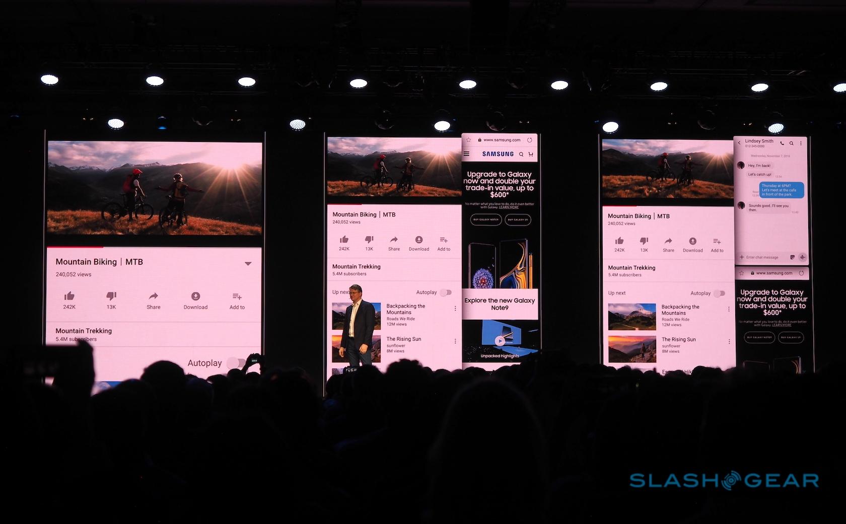 Inside, Samsung has a system they call "Multi Active Window." This is new to Samsung, and new to Android. It extends the Android experience to multiple spaces at once. We'll likely see more of this action once Samsung gets closer to manufacturing time.
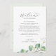 Dessa elegant gröna bröllop välkomnar brev och färdkort är perfekt för ett enkelt bröllop. Den moderna elegantens utformning har en naturlig botanisk arrangemang av eukalyptus, löv och växter med en subtil myntfärgad vattenfärg i grönten tvättar accent. På kortets framsida finns ett välkommet brev och på kortets baksida finns en rutt i bröllop. Dessa anteckningar är perfekt för destinationsbröllop och hotellgästväskor.
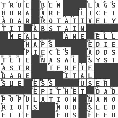 ACROSS 1. Loyal 5. Benjamin's nick name 8. Falls behind 12. Israeli folk dance 13. "We ___ not amused" (Victoria) 14. It is permitted: Lat. 15. The sixth month of the Jewish calendar 16. Rotating or pertaining to rotation 19. Teat (slang) 20. Choose not to consume 21. Anneal 23. A saturated hydrocarbon 24. Pipe bend 27. Atlas contents 30. Singer Brickell 31. Components 34. Does sums 35. False hair 38. Rhinal 40. System (abbr.) 41. SW Saudi Arabia district 42. Cylindrical with tapered ends 44. Have the gumption 45. Slanted text style (abbr.) 46. Institute legal proceedings 47. Double-curved letter 50. One who uses or employs something 53. Curse 57. Male parent 59. Census information 63. Billionth: prefix 64. Debaucheries 65. Lower and raise head in agreement 66. Downhill vehicle 67. Writer Wiesel 68. Begley and Asner 69. Nourish DOWN 1. Not this but _ 2. "The Thinker" sculptor 3. A salt of uric acid 4. Hearing organ 5. Sharp remark 6. Greek god of love 7. Remaining after all deductions 8. 54 in ancient Rome 9. Adept person 10. Set 11. Filthy place 14. Actor's bit 17. American Automobile Association (abbr.) 18. Shallow baking pan 20. Jai ____ 22. Electrical Unit 24. Whirlpool 25. Flaplike coverings 26. For fear that 28. Animal enclosure 29. Scram! 30. Artist's stands 32. Compass dir. 33. Indian skirt 35. Small amounts or degrees 36. Son of Isaac 37. Become fatigued 39. Allow 43. Drawn tight 47. Snakelike fish 48. Health resort 49. Be seated 51. Peak District village in England 52. The wife of a rajah (variant) 54. Prong on a fork 55. Parka part 56. Extremities 58. Texas town _ City 59. Before (prefix) 60. Petroleum 61. Luau course 62. Shoshoni 63. Science/research agcy.
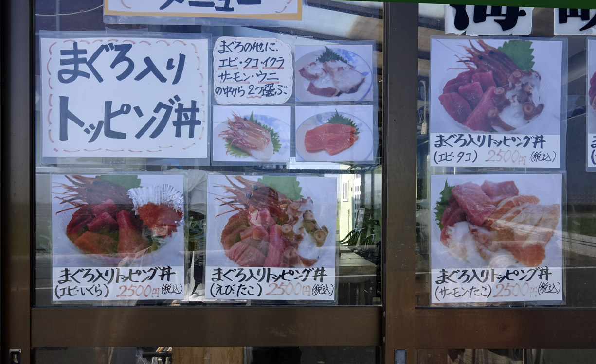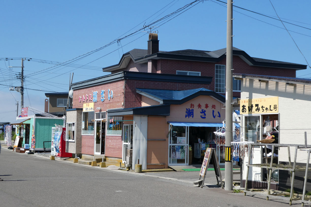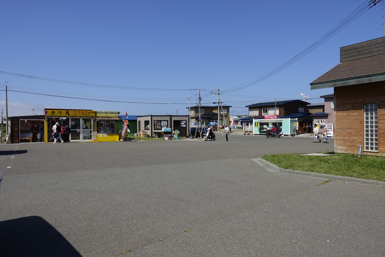 | 大間の駐車場を囲むように店舗が並ぶ(右の建物はトイレ) | ||||
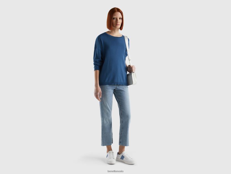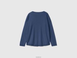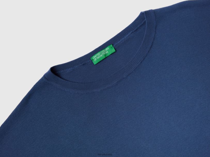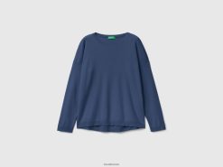 blå Benetton kvinner bomullsgenser med rund hals 20TRB162
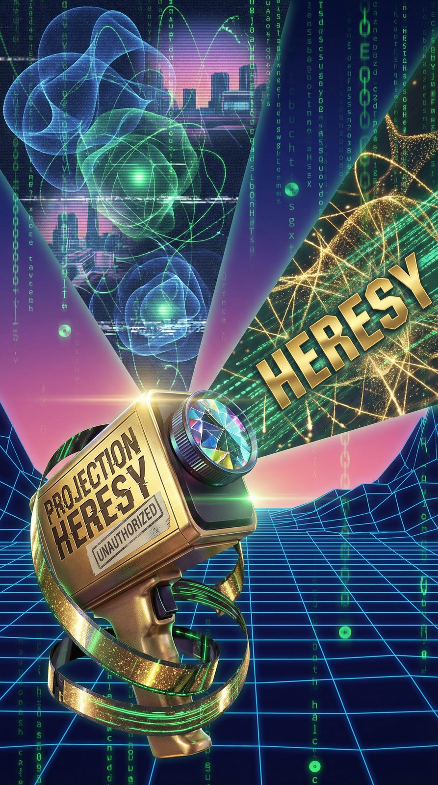 Manifests as a dual-beam projector casting overlapping images—one showing the Chaintrix's official outcome, the other revealing the heretical alternative. Ghost frames flicker in the damaged celluloid between moments, visible only as lens flare and tracking line distortion. The light it casts operates at wavelengths the simulation's sensors weren't designed to capture, making its projections technically invisible to the system's official records. Its beam leaves permanent ghost images burned into surfaces and retinas alike.
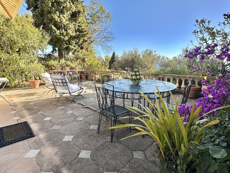 Die großzügige Terrasse, die sowohl vom Doppelwohnzimmer als auch von der Küche aus zugänglich ist, bietet einen idealen Raum, um das ganze Jahr über die Außenbereiche zu genießen und dabei eine spektakuläre, uneingeschränkte Aussicht zu bewundern.
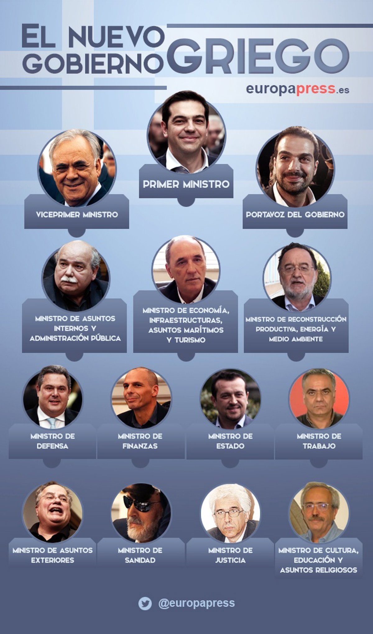 Este martes se han anunciado por fin los miembros del nuevo gobierno de Grecia. El primer ministro griego y líder de SYRIZA, Alexis Tsipras, ha desvelado el que será su equipo en esta legislatura, incluyendo tres 'superministros' y ninguna mujer.
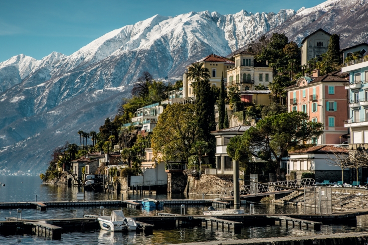 "Ascona rests on Lake Maggiore’s northern shore. Pastel houses line the promenade, cafés spill toward the water, and cobbled lanes wind past galleries and hotels. Italian charm lingers as the Swiss Alps rise behind, making it an ideal base to explore nearby lakes, valleys, and villages."
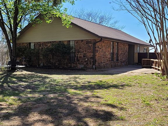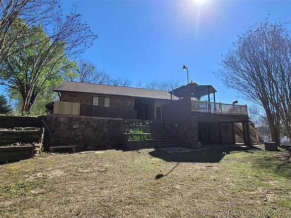 LITTLE BIT OF HEAVEN AT LAKE EUFAULA, OK! Right off Highway 9 West, this waterfront home is nestled in the wooded subdivision of Westport Beach of Mill Creek Bay. It is a gentle slope to the water's edge where you can sit on your private platform dock and enjoy the scenery and wildlife, fish or dock your boat. There is great fishing in this area and a quiet serene place to play on the water. The home features 3 bedrooms and 2 bathrooms with windows across the waterside for a great view from the living room or outside deck! There is lots of room for relaxing and/or entertaining outside on the decks and under the gazebos. The special bonus is an extra lot and a 20x24 garage/shop building. This is a great lake package at a reasonable price! Call today to set an appointment to view.
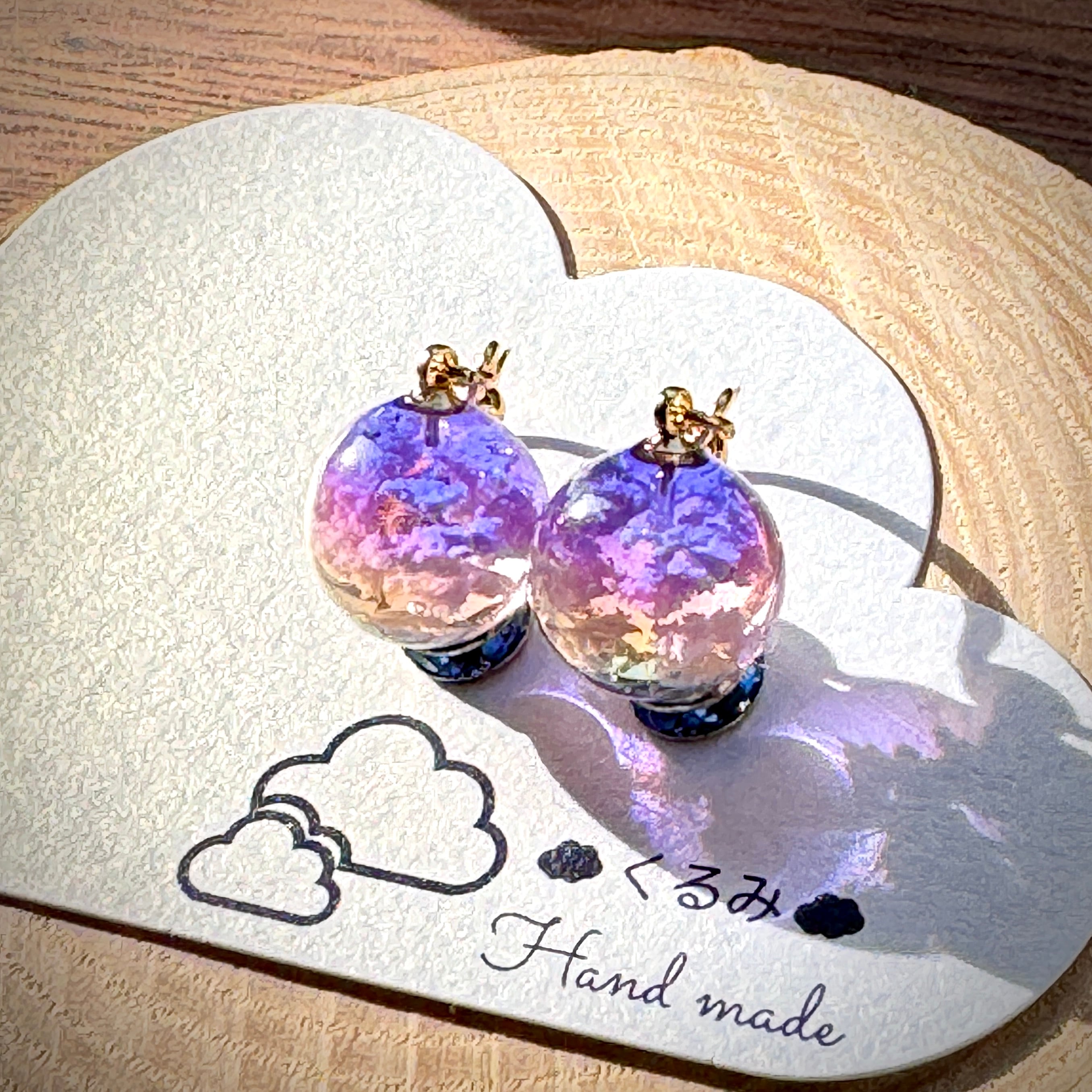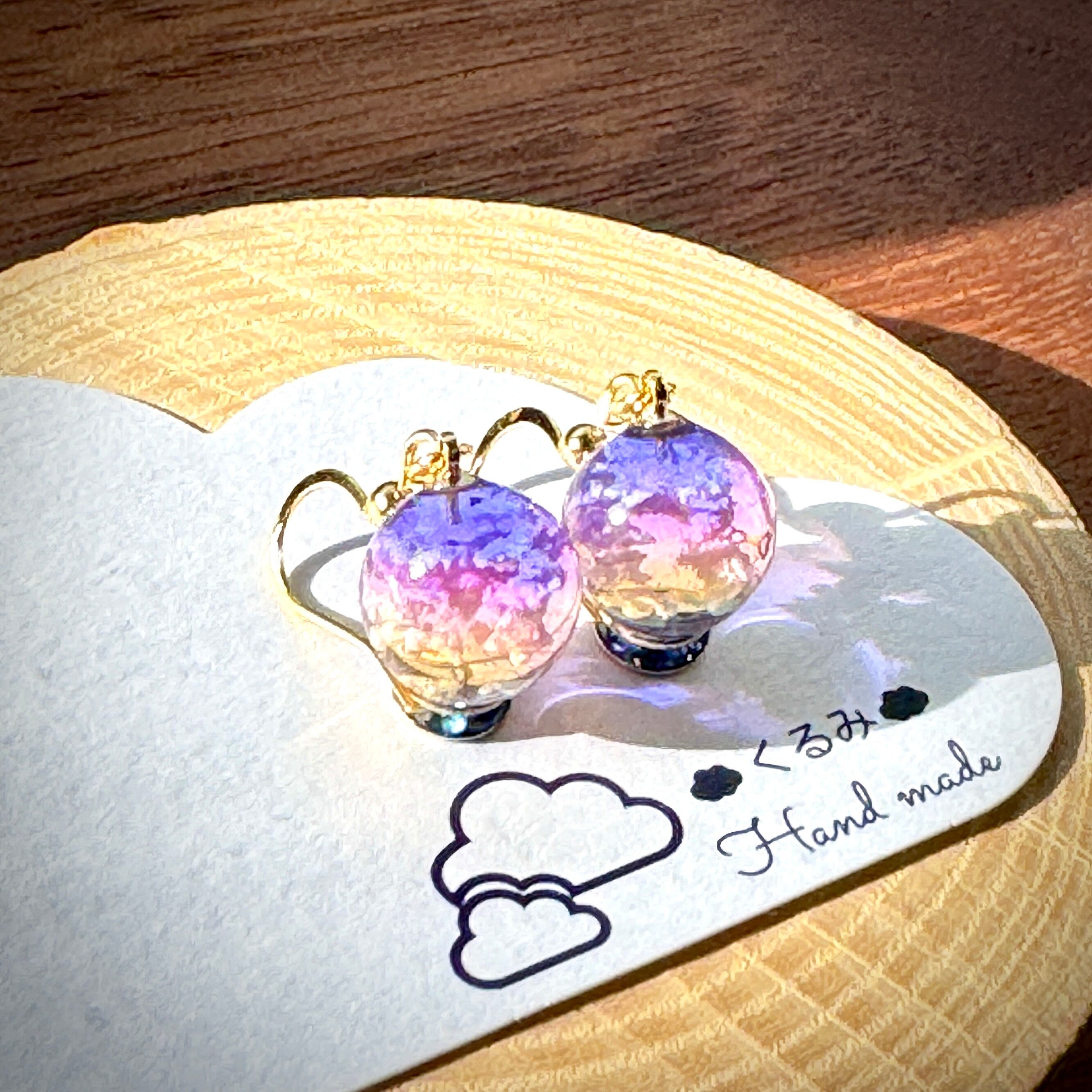 夕暮れ空をイメージしてまん丸なピアスを作りました。
= = = = =
→ **REQUIRED ACTION**:
Where the material contains pictures, leave them out and copy the rest verbatim.

→ **PROBLEM SOLUTION**:
 Inside, Samsung has a system they call "Multi Active Window." This is new to Samsung, and new to Android. It extends the Android experience to multiple spaces at once. We'll likely see more of this action once Samsung gets closer to manufacturing time.
 Dessa elegant gröna bröllop välkomnar brev och färdkort är perfekt för ett enkelt bröllop. Den moderna elegantens utformning har en naturlig botanisk arrangemang av eukalyptus, löv och växter med en subtil myntfärgad vattenfärg i grönten tvättar accent. På kortets framsida finns ett välkommet brev och på kortets baksida finns en rutt i bröllop. Dessa anteckningar är perfekt för destinationsbröllop och hotellgästväskor.
 ACROSS 1. Loyal 5. Benjamin's nick name 8. Falls behind 12. Israeli folk dance 13. "We ___ not amused" (Victoria) 14. It is permitted: Lat. 15. The sixth month of the Jewish calendar 16. Rotating or pertaining to rotation 19. Teat (slang) 20. Choose not to consume 21. Anneal 23. A saturated hydrocarbon 24. Pipe bend 27. Atlas contents 30. Singer Brickell 31. Components 34. Does sums 35. False hair 38. Rhinal 40. System (abbr.) 41. SW Saudi Arabia district 42. Cylindrical with tapered ends 44. Have the gumption 45. Slanted text style (abbr.) 46. Institute legal proceedings 47. Double-curved letter 50. One who uses or employs something 53. Curse 57. Male parent 59. Census information 63. Billionth: prefix 64. Debaucheries 65. Lower and raise head in agreement 66. Downhill vehicle 67. Writer Wiesel 68. Begley and Asner 69. Nourish DOWN 1. Not this but _ 2. "The Thinker" sculptor 3. A salt of uric acid 4. Hearing organ 5. Sharp remark 6. Greek god of love 7. Remaining after all deductions 8. 54 in ancient Rome 9. Adept person 10. Set 11. Filthy place 14. Actor's bit 17. American Automobile Association (abbr.) 18. Shallow baking pan 20. Jai ____ 22. Electrical Unit 24. Whirlpool 25. Flaplike coverings 26. For fear that 28. Animal enclosure 29. Scram! 30. Artist's stands 32. Compass dir. 33. Indian skirt 35. Small amounts or degrees 36. Son of Isaac 37. Become fatigued 39. Allow 43. Drawn tight 47. Snakelike fish 48. Health resort 49. Be seated 51. Peak District village in England 52. The wife of a rajah (variant) 54. Prong on a fork 55. Parka part 56. Extremities 58. Texas town _ City 59. Before (prefix) 60. Petroleum 61. Luau course 62. Shoshoni 63. Science/research agcy.
 | 大間の駐車場を囲むように店舗が並ぶ(右の建物はトイレ) | ||||
 blå Benetton kvinner bomullsgenser med rund hals 20TRB162
 Manifests as a dual-beam projector casting overlapping images—one showing the Chaintrix's official outcome, the other revealing the heretical alternative. Ghost frames flicker in the damaged celluloid between moments, visible only as lens flare and tracking line distortion. The light it casts operates at wavelengths the simulation's sensors weren't designed to capture, making its projections technically invisible to the system's official records. Its beam leaves permanent ghost images burned into surfaces and retinas alike.
 Die großzügige Terrasse, die sowohl vom Doppelwohnzimmer als auch von der Küche aus zugänglich ist, bietet einen idealen Raum, um das ganze Jahr über die Außenbereiche zu genießen und dabei eine spektakuläre, uneingeschränkte Aussicht zu bewundern.
 Este martes se han anunciado por fin los miembros del nuevo gobierno de Grecia. El primer ministro griego y líder de SYRIZA, Alexis Tsipras, ha desvelado el que será su equipo en esta legislatura, incluyendo tres 'superministros' y ninguna mujer.
 "Ascona rests on Lake Maggiore’s northern shore. Pastel houses line the promenade, cafés spill toward the water, and cobbled lanes wind past galleries and hotels. Italian charm lingers as the Swiss Alps rise behind, making it an ideal base to explore nearby lakes, valleys, and villages."
 LITTLE BIT OF HEAVEN AT LAKE EUFAULA, OK! Right off Highway 9 West, this waterfront home is nestled in the wooded subdivision of Westport Beach of Mill Creek Bay. It is a gentle slope to the water's edge where you can sit on your private platform dock and enjoy the scenery and wildlife, fish or dock your boat. There is great fishing in this area and a quiet serene place to play on the water. The home features 3 bedrooms and 2 bathrooms with windows across the waterside for a great view from the living room or outside deck! There is lots of room for relaxing and/or entertaining outside on the decks and under the gazebos. The special bonus is an extra lot and a 20x24 garage/shop building. This is a great lake package at a reasonable price! Call today to set an appointment to view.
 夕暮れ空をイメージしてまん丸なピアスを作りました。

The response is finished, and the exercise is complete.